(Data for analysis)

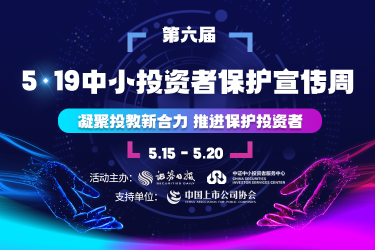為持續(xù)做好中小投資者保護(hù)工作,在連續(xù)五年成功舉辦五屆活動(dòng)基礎(chǔ)上,5月15日,由《證券日?qǐng)?bào)》社與中證中小投資者服務(wù)中心發(fā)起并主辦的第六屆"5·19中小投資者保護(hù)宣傳周"活動(dòng)將正式啟動(dòng)。今年的活動(dòng)主題是"凝聚投教新合力 推進(jìn)保護(hù)投資者",將采取"線下+線上"相結(jié)合的方式,在北京、天津和上海三地進(jìn)行,通過監(jiān)管部門、行業(yè)協(xié)會(huì)、中介機(jī)構(gòu)、上市公司等現(xiàn)身說法的形式展開...
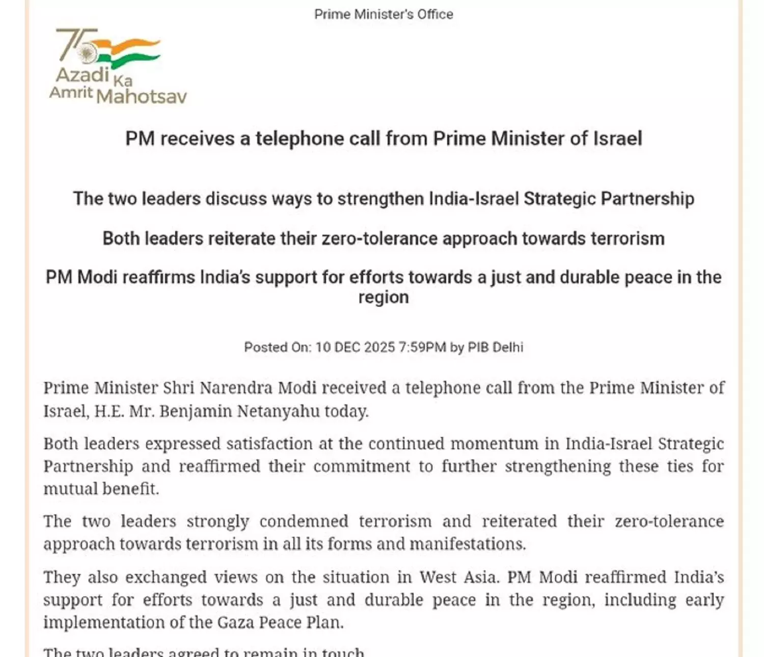 इस फोन कॉल से एक बार फिर साफ हो गया कि मौजूदा क्षेत्रीय संकट के बीच भारत और ट्रंप की शांति पहल के बाद भी भारत और इजराइल अपनी रणनीतिक साझेदारी को और मजबूत करने के लिए पूरी तरह प्रतिबद्ध हैं।
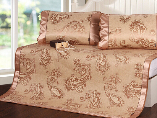 冰絲的含濕率適合人體皮膚的生理要求,具有光滑涼爽、透氣、抗靜電、色彩絢麗等特點。冰絲涼席產品具有清涼滑爽、透氣性強、質地牢固等特性,并且該款涼席可以折疊放置,方便收納,大大節約了收納空間。 經切、捻、經、織等現代的工藝處理,增強產品舒適感、涼感、光滑感、耐磨等特性。正面包芯植物藤緯(亞草或藤),經過防水處理,便于保養收藏。
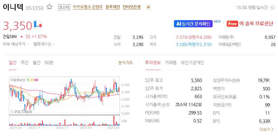 이니텍 주가 분석
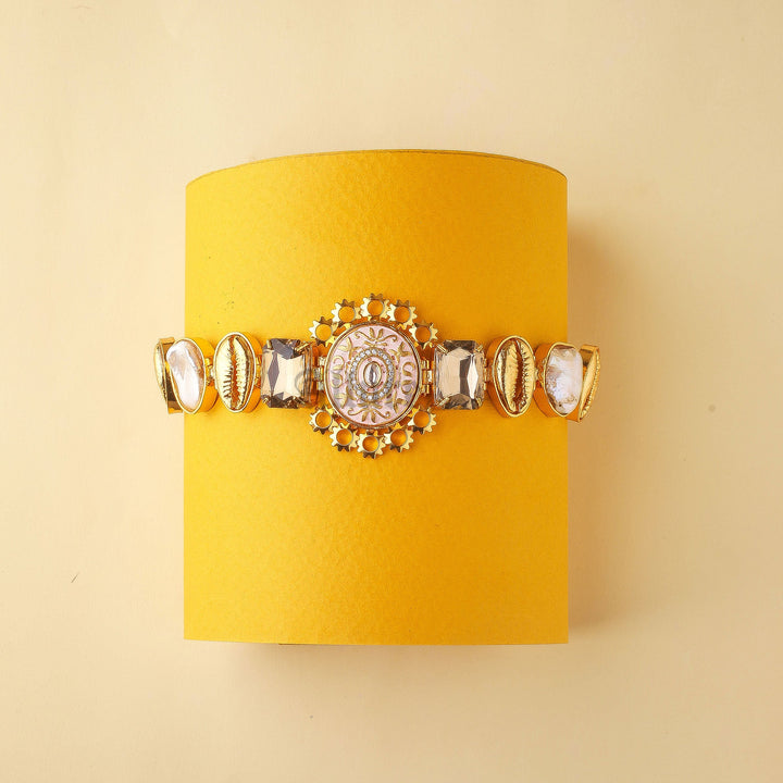 A luxe choker with an enamel center with an intricate gold setting. Featuring jades, sea shells and pearls to complete the look, the set is a keeper.
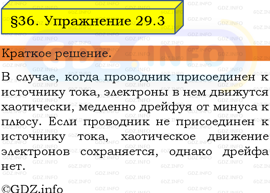 ГДЗ (готовое домашние задание из решебника) по Физике 8 класса авторов И. М. Перышкин, А. И. Иванов, Просвещение, 2023-2025г. ФГОС на Упражнение 29 №3, § 36. Электрический ток в металлах.
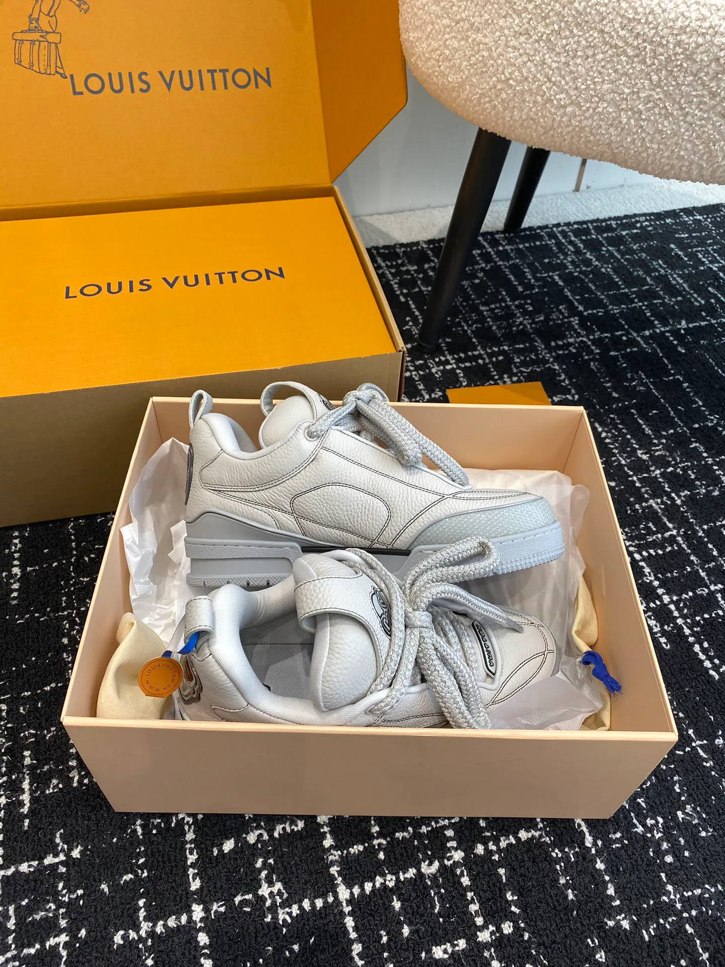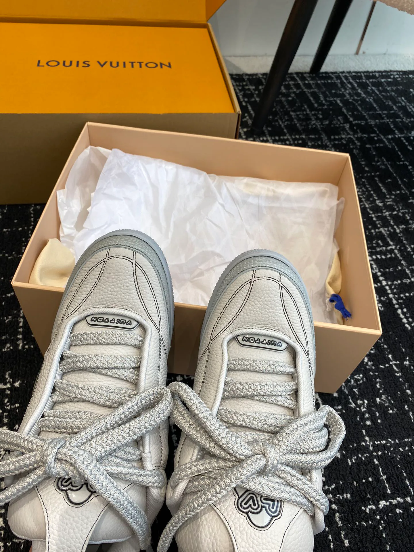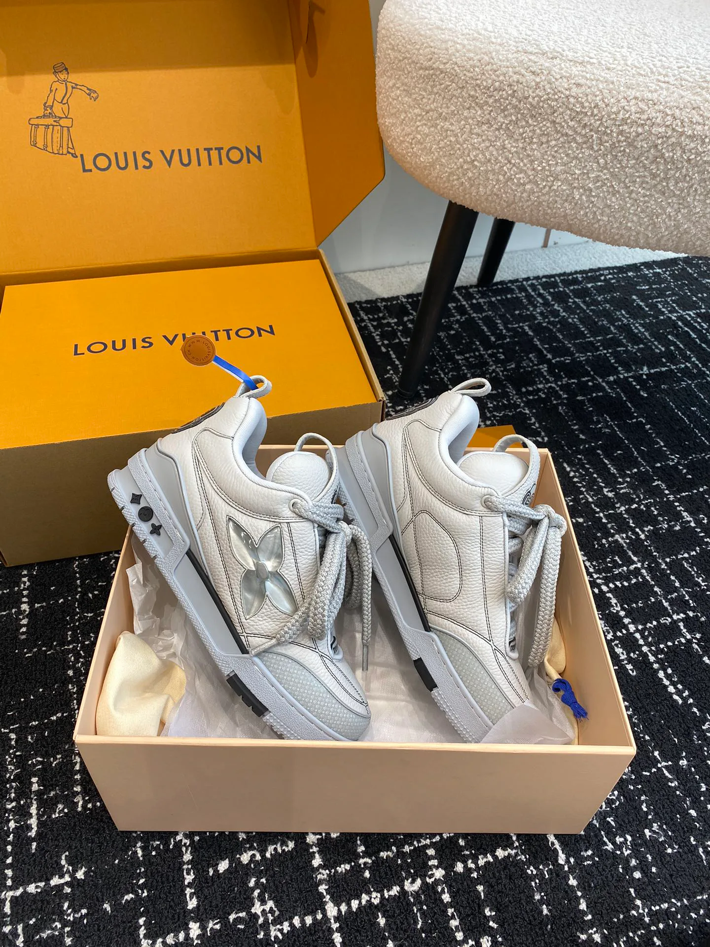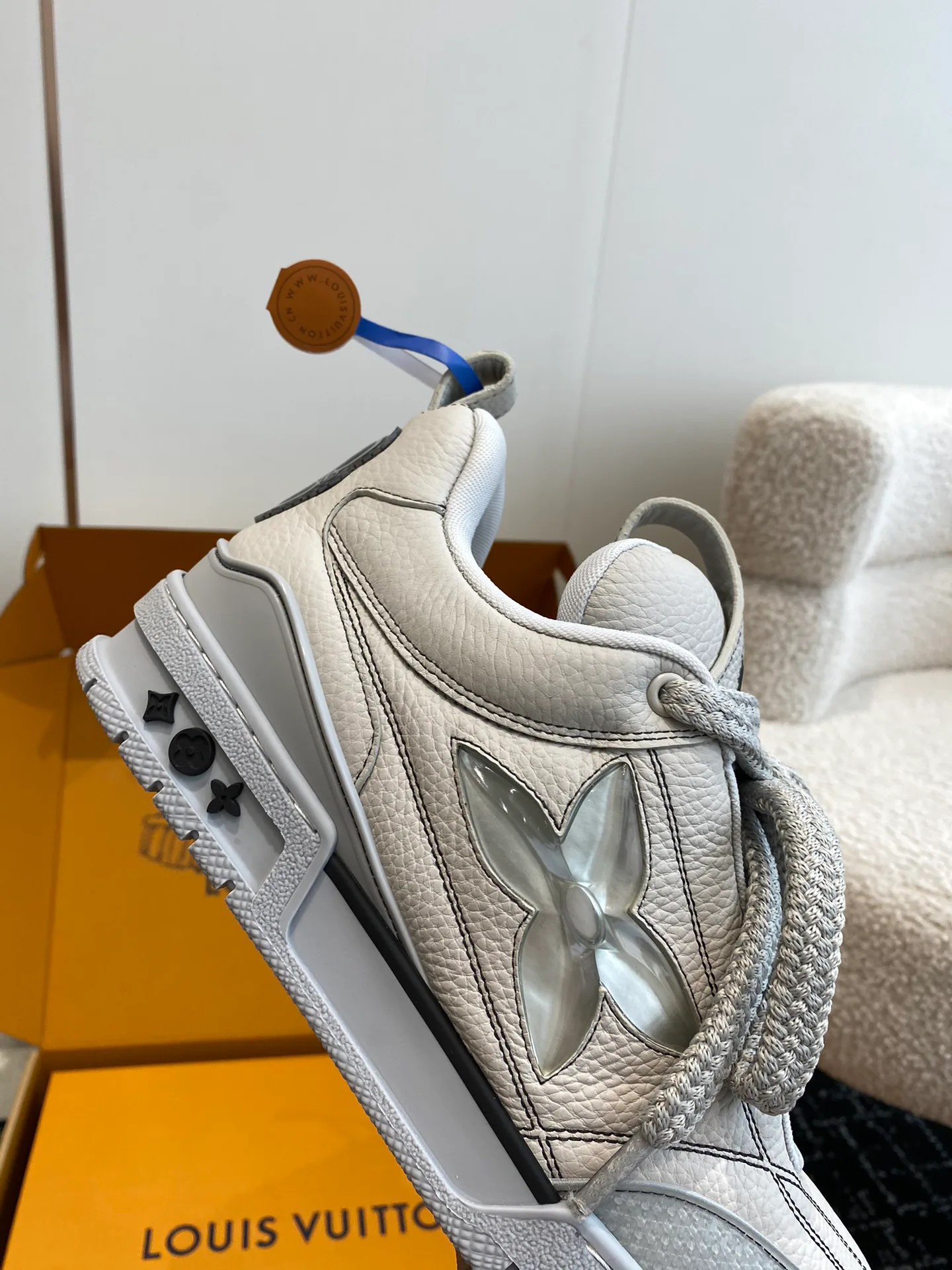 Кроссовки выполнены из зернистой натуральной кожи, что обеспечивает долговечность и стильный вид. Боковая часть украшена крупным цветочным узором в Monogram, придающим яркий акцент. Модель оснащена мягким воротником и язычком, что обеспечивает комфорт при носке.

(End Data for analysis)

• What you need to do: Reproduce every line of the material above, but drop the pictures.

• Response:
為持續(xù)做好中小投資者保護(hù)工作,在連續(xù)五年成功舉辦五屆活動(dòng)基礎(chǔ)上,5月15日,由《證券日?qǐng)?bào)》社與中證中小投資者服務(wù)中心發(fā)起并主辦的第六屆"5·19中小投資者保護(hù)宣傳周"活動(dòng)將正式啟動(dòng)。今年的活動(dòng)主題是"凝聚投教新合力 推進(jìn)保護(hù)投資者",將采取"線下+線上"相結(jié)合的方式,在北京、天津和上海三地進(jìn)行,通過監(jiān)管部門、行業(yè)協(xié)會(huì)、中介機(jī)構(gòu)、上市公司等現(xiàn)身說法的形式展開...
 इस फोन कॉल से एक बार फिर साफ हो गया कि मौजूदा क्षेत्रीय संकट के बीच भारत और ट्रंप की शांति पहल के बाद भी भारत और इजराइल अपनी रणनीतिक साझेदारी को और मजबूत करने के लिए पूरी तरह प्रतिबद्ध हैं।
 冰絲的含濕率適合人體皮膚的生理要求,具有光滑涼爽、透氣、抗靜電、色彩絢麗等特點。冰絲涼席產品具有清涼滑爽、透氣性強、質地牢固等特性,并且該款涼席可以折疊放置,方便收納,大大節約了收納空間。 經切、捻、經、織等現代的工藝處理,增強產品舒適感、涼感、光滑感、耐磨等特性。正面包芯植物藤緯(亞草或藤),經過防水處理,便于保養收藏。
 이니텍 주가 분석
 A luxe choker with an enamel center with an intricate gold setting. Featuring jades, sea shells and pearls to complete the look, the set is a keeper.
 ГДЗ (готовое домашние задание из решебника) по Физике 8 класса авторов И. М. Перышкин, А. И. Иванов, Просвещение, 2023-2025г. ФГОС на Упражнение 29 №3, § 36. Электрический ток в металлах.
 Кроссовки выполнены из зернистой натуральной кожи, что обеспечивает долговечность и стильный вид. Боковая часть украшена крупным цветочным узором в Monogram, придающим яркий акцент. Модель оснащена мягким воротником и язычком, что обеспечивает комфорт при носке.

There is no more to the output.